As in the case of Pure ALOHA protocol frames can be sent any time so, the probability of collision will be very high. Hence, to present a frame from colliding, no other frame should be sent within its transmission time. We will explain this with the help of the concept of vulnerable period as shown in Figure. Let a frame is that transmitted at time t₀ and t be the time required for its transmission. If, any other station sends a frame between t₀ and t₀+t then the end of the frame will collide with that earlier sent frame. Similarly, if any other station transmits a frame between the time interval t₀+t and t₀+2t again, it will result in a garbage frame due to collision with the reference frame. Hence, 2t is the vulnerable interval for the frame. In case a frame meets with collision that frame is retransmitted after a random delay.

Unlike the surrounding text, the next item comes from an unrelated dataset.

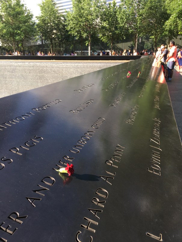 They were very beautiful and very emotional to see. Each one of the names lost that fateful day inscribed into the marble ledge surrounding the 30 foot waterfalls.

Hence, for the probability of successful transmission, no additional frame should be transmitted in the vulnerable interval 2t.

To find the probability of no collision with a reference a frame, we assume that a number of users are generating new frames according to Poissons distribution. Let S be the arrival rate of new frames per frame time. As we find probability of no collision, S will represent the throughput of the system. Let G be the total arrival rate of frames including retransmission frames (also called a  load of the system). For finding the probability of transmission from the new and retransmitted frame, it is assumed that frames arrival is Poisson distributed with an average number of arrivals of G frames/ frame time. The probability of k frames transmission in 2t seconds is given by the Poisson distribution as follows:

The throughput of the system S is equal to total arrival rate G times the probability of successful transmission with no collision,

That is S=G * P (zero frame transmission in the vulnerable interval i.e., 2t seconds)

\[Since,~~P[K~frame~in~vulnerable~~interval~~2t]=\frac{\left( 2G \right){{e}^{-2G}}}{K!},K=0,1,2,3\]

Thus P [K = 0 in 2t] = – 2G. Hence, S = G * P = G . e^–2G Note that the averages load is G. Hence it is 2G in 2t S=G * e^-2G. The relationship between S vs. G can be shown in Figure:

As G is increasing, S is also increasing for small values of G. At G=1/2, S attains its peak value i.e., S=1/2e i.e., 0.18(approx). After that, it starts decreasing for increasing values of G. Here, the average number of successful transmission attempts/frames can be given as G/S = e^2G.

An average number of unsuccessful transmission attempts/frame is G/S – 1 = e^2G − 1.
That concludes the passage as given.